The governor told The Weekly Standard:
"You heard of the Citizens Councils? Up north they think it was like the KKK. Where I come from it was an organization of town leaders. In Yazoo City they passed a resolution that said anybody who started a chapter of the Klan would get their ass run out of town. If you had a job, you'd lose it. If you had a store, they'd see nobody shopped there. We didn't have a problem with the Klan in Yazoo City."
They did have a problem with segregation, however. Not that Barbour seems to have noticed. "I just don't remember it as being that bad," he said of the period of segregation in Mississippi.
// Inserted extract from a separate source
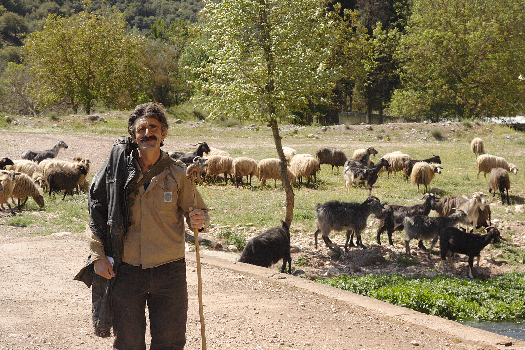 shepherd from Likouria, Achaea, Peloponnese.

The Huffington Post reports life under the White Citizens Council wasn't easy for African-Americans:
Joseph Crespino, an associate professor of history at Emory University, also noted a particular incident in Yazoo City undermining Barbour's claims. "One of the things the Citizens Council would do is carry out economic harassment -- sometimes physical intimidation -- against local blacks," he said. "There was this well-known incident in Yazoo City in the 1950s where a handful of black parents tried to file a lawsuit against a local public school. They lost their jobs because they filed a lawsuit and they participated in the local civil rights movement. So it's well-documented that the kind of harassment that blacks faced when they tried to desegregate the schools there in Yazoo City."
Barbour seems obviously to the historical reality of segregation and the impact it had.
"It is quite disturbing that the governor of this state would take an approach to try to change the history of this state," said Derrick Johnson, president of the Mississippi NAACP. "It's beyond disturbing -- it's offensive that he would try and create a new historical reality that undermines the physical, mental, and economic hardship that many African-Americans had to suffer as a result of the policies and practices of the White Citizens Council."
This isn't the first time that Barbour has made racially insensitive comments. The New York Times reported back in 1982 that Barbour, then making a run for the U.S. Senate, had a campaign aide who complained that "coons" might be at a campaign rally. "Embarrassed that a reporter heard this, Mr. Barbour warned that if the aide persisted in racist remarks, he would be reincarnated as a watermelon and placed at the mercy of blacks," reported the paper.
Barbour is widely considered to be a serious candidate for the Republican nomination in 2012.